Orange County Sheriff John Mina said police have worked diligently on the case; he added that in 1996, the only way to make an arrest on blood evidence was to compare it to another blood sample. Amid tech breakthroughs, the case was reopened in 2003 and a DNA profile was created from blood collected at the crime scene. It was placed into a DNA database but no matches were found, police said.

Savelli said that he started working on the case in 2019 and soon had a fresh idea. 

“I was just thinking — if somebody was stabbed 73 times, there has got to be additional DNA that was not the victim’s and potentially the suspects,” Savelli said. “I figured there’s got to be something we can do.”

Using a bloodstain collected from a freezer handle, officers with the Florida Department of Law Enforcement were able to determine that it had come from one of three brothers. From there, detectives were able to identify a person of interest and trace them back to where they were that night in 1996.

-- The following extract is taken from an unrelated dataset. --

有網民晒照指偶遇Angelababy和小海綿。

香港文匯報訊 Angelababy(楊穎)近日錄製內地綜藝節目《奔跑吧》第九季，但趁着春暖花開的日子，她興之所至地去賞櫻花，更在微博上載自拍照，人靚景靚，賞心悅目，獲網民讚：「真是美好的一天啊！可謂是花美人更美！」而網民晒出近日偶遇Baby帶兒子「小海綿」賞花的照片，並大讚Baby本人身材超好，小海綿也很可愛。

Savelli zeroed in on Stough, who had previously worked at the convenience store. But his employment did not overlap with Paquette's time there. He also lived across the street from Paquette; decades later, he still lived in central Florida.

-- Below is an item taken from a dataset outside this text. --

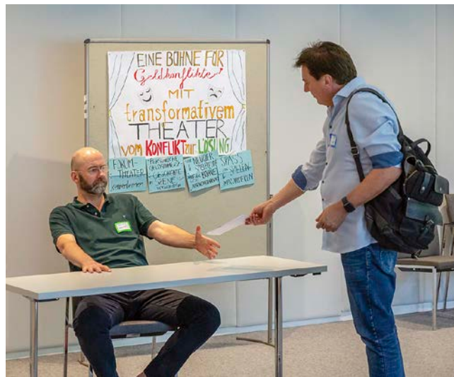
Im Vorbereitungsworkshop verwandelt sich eine erlebte Erzählung um einen geldbezogenen Vater-Sohn-Konflikt in eine Spielszene

gesammelt, die perspektivisch zu grundlegenden Veränderungen der Verhältnisse führen können. Kann also das Forumtheater gar ein Motor für Veränderungsprozesse sein?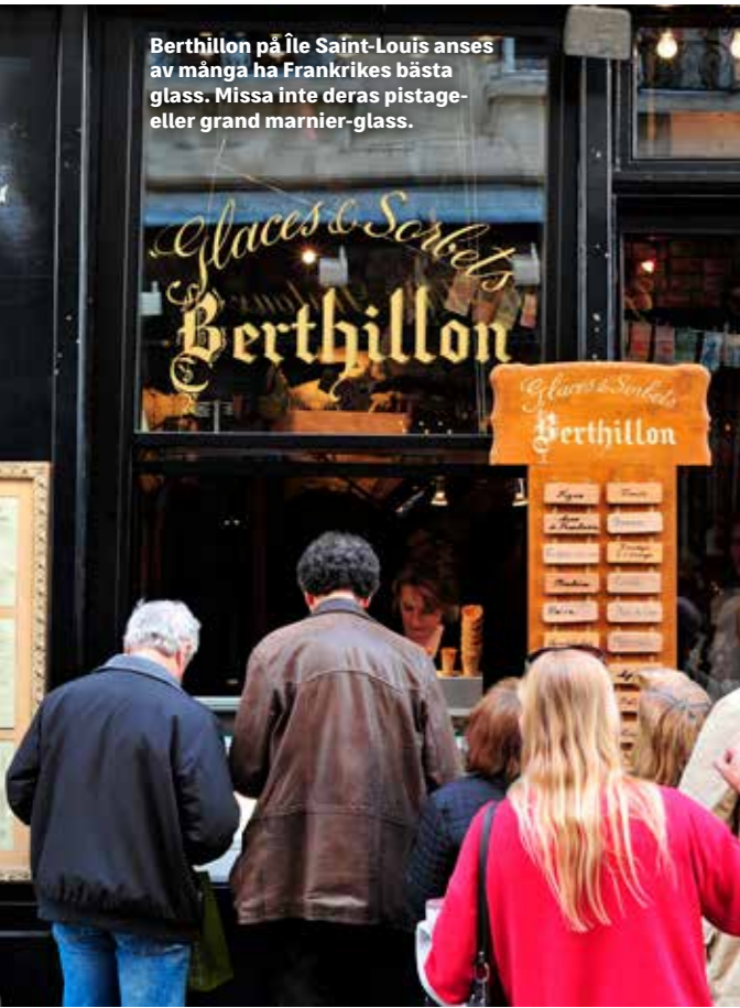
Berthillon på Île Saint-Louis anses av många ha Frankrikes bästa glass. Missa inte deras pistage- eller grand marnier-glass.

Soon, using a GPS tracker, he followed Savelli to a gas station in Lake County. He watched Stough throw away several beer cans, collected them, and they were later swabbed for DNA. It matched the DNA left at the crime scene.

Savelli said Paquette has no surviving relatives, but several of the victim's friends were notified; they were excited and relieved about the developments in the case, he said.

Police have said the case sends an important message to the families of victims: Even though years may go by, murder and violent crime victims are not forgotten and police, in many instances, are still working to solve the cases.

"I really give kudos to the amazing evidence techs that responded to that crime scene, that night, and had the forethought to process every single thing in the crime scene," Public safety expert and former deputy James Copenhaver told WRBW. “It’s just a good way to give closure to everybody involved – including the cops.”